11.12.12

O Natal e a Feira da Ladra




Ai...ai...os meus 15 anos. O continuar a descobrir Lisboa. A pastinha debaixo do braço, não, não tão carregada como as dos estudantes de hoje, que em vez de estudantes mais parecem burros de carga, tal a quantidade de livros e cadernos que elas contêm.
A minha levava somente os livros correspondentes às aulas do dia, e viva o velho.
Durante muito tempo ouvia os meus colegas falarem da Feira da Ladra, lá para os lados de Santa Clara, local que nem sequer sabia onde era  e Feira onde julgava que tudo se vendia e roubava. Até que um dia, bem perto do Natal, lá parti a uma terça-feira à descoberta de novos horizontes, talvez procurando alguma lembrança para colocar no sapatinho. Já sabia que nas carreiras do eléctrico 28 com destino à Graça, os carteiristas eram ágeis no furto das carteiras colocadas no bolso de trás nas calças, coisa que nada me assustava, pois eu, pobre de mim, tinha um porta-moedas de cabedal em forma de ferradura, colocada sim, no bolso das calças de lado, a coberto das razias que faziam esses larápios. Era muito espertinho, pensava eu, com os meus botões. Afinal, não passava de um campóniozito de trazer por casa, e que presumivelmente ainda não tinha passado em frente ao Mirador de Santa Luzia, já estava sem ele. E o pior é que tinha no seu interior somente uns "tustos" para acorrer a uma eventualidade urgente e mais os bilhetes para o regresso a casa, já que, aqueles davam para a ida e volta e serviam exclusivamente para estudantes.

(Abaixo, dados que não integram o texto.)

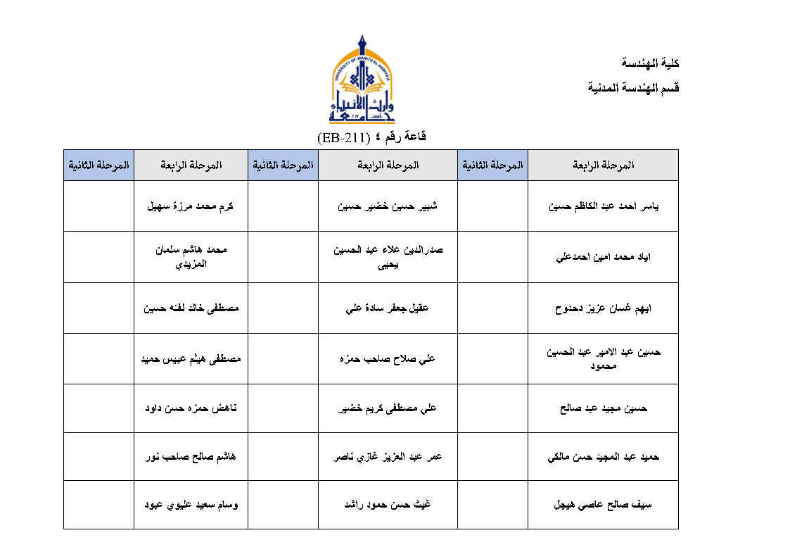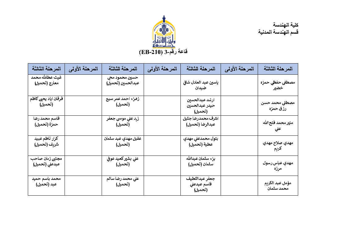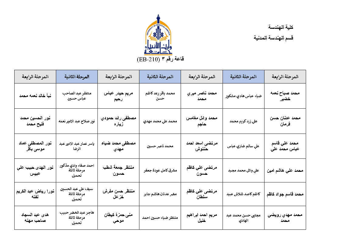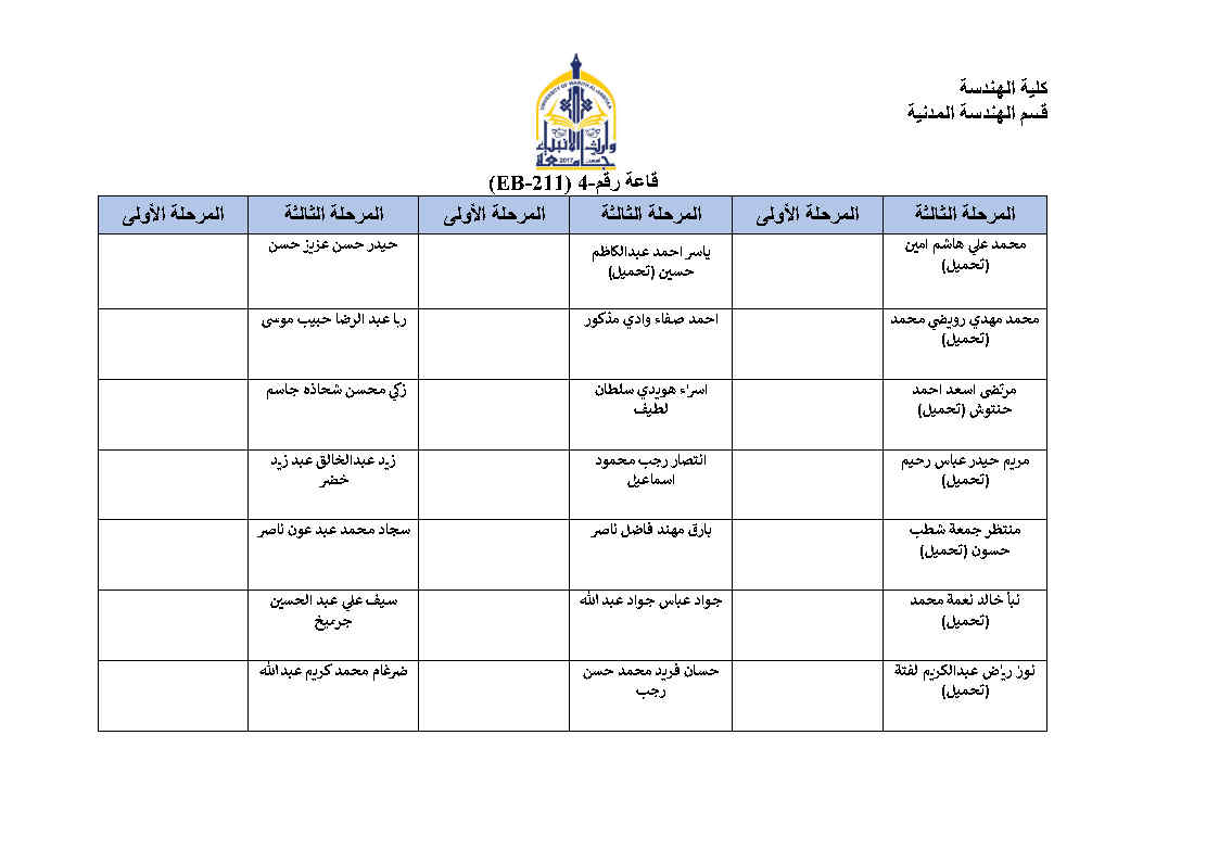 جدول امتحانات النهائية للفصل الاول لقسم الهندسة المدنية مع خارطة توزيع الطلاب في القاعات مع التعليمات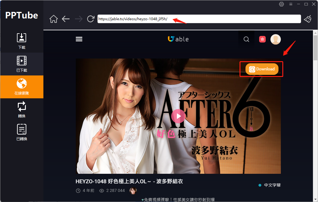 第三步:找到你要下載的Jable爽片,點擊PPTube的浮動按鈕“Download”即可自動解析下載。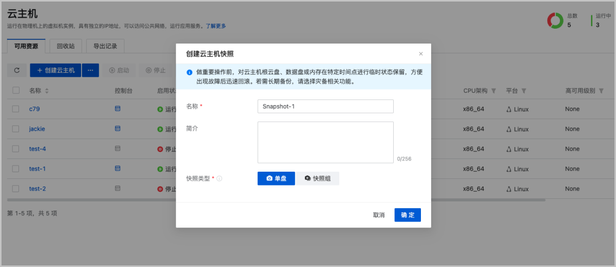 ZStack Cloud主菜单,点击资源中心 > 云资源池 > 虚拟资源 > 云主机,进入云主机界面。选择某一云主机(运行中/已暂停/已停止),点击操作 > 快照和备份 > 创建快照,弹出创建云主机快照界面。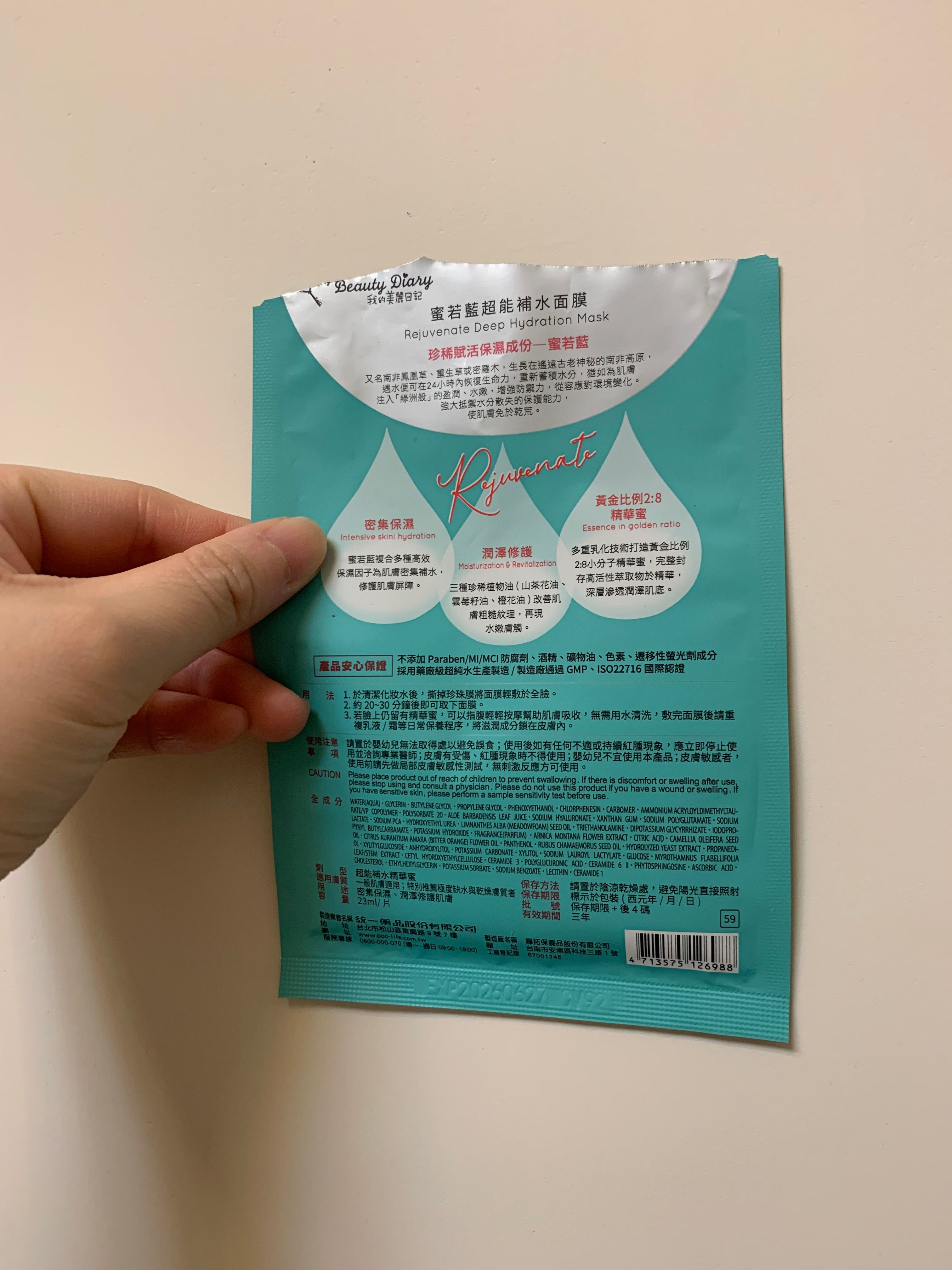 【我的美麗日記 Rejuvenate Deep Hydration Mask 蜜若藍超能補水面膜】 使用評價

Ainda hoje é uma viagem extremamente atribulada com enormes encontrões, dado as muitas curvas que as linhas contêm, ao percorrer as vielas que separam a Alfama de S. Vicente, aliados aqueles que os carteiristas forçam de forma a facilitar o seu trabalho. Por falta de lugares sentados, seguia de pé e a dada altura, encontro para a direita encontro para a esquerda, estou situado na coxia central, cumprimido  como sardinha na lata da marca "Tenório" e sentia na minha perna uma pequeno comichão, que julgava saber serem das barbas do dito. Afinal o larápio colocou os meus sentidos em banho maria, e passei a partir daí a estar mais leve do bolso direito.
Em pé, agarrava com a mão esquerdo o pegador do banco, onde uma senhora já de meia idade, is sentada, naquele assento feito de uma palhinha muito fininha e brilhante, um luxo pensava eu. A Senhora não levava estola de pele, mas digo-vos que era moda, era fino, presumivelmente não se atrevia a levá-la para a Feira da Ladra, se é que a tinha. Na sua cabeça imperavam os cabelos grisalhos, já muito esfarrapados, notando-se algumas falhas, mas muito arranjidinho e penteado com esmero e cuidado. O tal encontrão propositado do carteirista desiquilibrou-me e eu na tentativa de me segurar, coloquei a palma da minha mão direita na cabeça da senhora. Coitada deu um grito de aflição, e eu pedindo desculpa, sentindo uma coisa estranha, levantei a mão, saltando da sua cabeça um pequeno rolo de palha de aço da fina, que a senhora disfarçava muito bem, presa com ganchos, entre o cabelo para não se ver as falhas daquele.
A vergonha e a humilhação que aquela mulher passou, ao ver-se desmascarada e com a careca à mostra, com o eléctrico cheio de passageiros a rirem por tão insólito acontecimento, fez com que o abandonasse , com receio de apanhar algum tabefe disparado da sua mão com rugas.
Faltavam ainda algumas paragens para chegar à Igreja de S. Vicente de Fora, mas desisti de continuar, pois a partir daí fiquei atrapalhado a pensar no regresso e a maneira de atravessar o Tejo com destino à terra dos burros (Cacilhas). Lá recebi as graças de um marinheiro do Tejo, que me facilitou o transbordo.